Hello all! I had an account on the old forums but it looks like they have since been deleted. Very sad! I love phpBB and vBulletin and it’s sad to see the internet migrating away from forums.
I had a partially working version of this plugin but it was very fragile because it required updating the OpenSSL version whenever there was a TeamSpeak 3 update. Instead, I’m now using SChannel which should make the plugin more resilient. I started working on this plugin in 2011 but development stymied on it in 2017 and I did not receive the support I needed in order to finish it. Finally, after 15 years it is now complete and working.
Look at this Website Preview (forgive the pun):
Isn’t it ridiculous that in neither TeamSpeak 3, nor TeamSpeak 6 even, that we have website previews?
That is the problem that my plugin solves! My plugin takes URLs and provides their title just like Discord, WhatsApp, text messaging… basically every other modern app does. Download it here:
Once the TeamSpeak 6 API is released, I will be porting this plugin to TeamSpeak 6 unless it becomes default functionality.
Here are the VirusTotal links for each architecture (is 32-bit TeamSpeak 3 still supported anymore?) :
As a long time proponent of implementing client side OGP parsing and embedding I really like this plugin. I would only prefer the binary to be built and published via a GitHub action. This would also allow you to publish the plugin for Linux and MacOS relatively easily.
If you want I’d be happy to write a PR for that.
As long as you don’t mind contributing under the MIT license, that sounds great! Please do.
It’s funny that you suggest GitHub actions, as that was the first thing I did in my Software Engineering Studio capstone class that I just finished last month. It was easy to “set it and forget it” because I was supposed to add code coverage to it for the final release and forgot. Should the binary also be built into a .ts3_plugin file? I assumed that was the standard for posting here.
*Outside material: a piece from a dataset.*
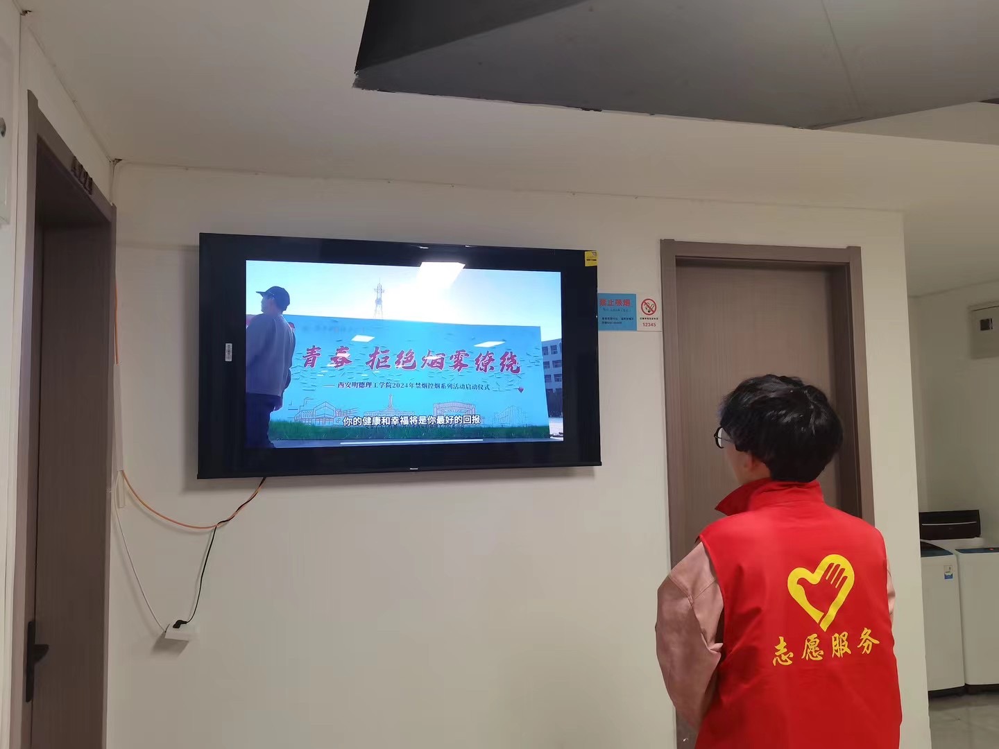 各层学生代表通过公寓大屏从“香烟的危害”“青少年吸烟心理”“吸烟在公寓内的安全隐患”“如何在校园中更好的禁烟”四个方面内容进行禁烟宣讲,增强了宿舍楼各层负责人禁烟知识,让同学们深切认识吸烟的危害,提高同学们对于校园控烟的重视,随后同学们开展公寓禁烟劝导工作。

Having a Linux/macOS build for reference would be very convenient. I already have my next TeamSpeak 3 plugin in the works that I tried last decade and never got off the ground. I need to use my Ubuntu box to test it though since it requires two users to be running the same plugin, so I look forward to reading your code.
Sooooo, things might have gotten slightly out of hand, but there is a PR.
I just noticed that the message is sent twice, once the original and once the edited one. Returning 1 in the onMessageReceived handler only hides the message on your end but still sends it. There is sadly no way in the plugin API to prevent this.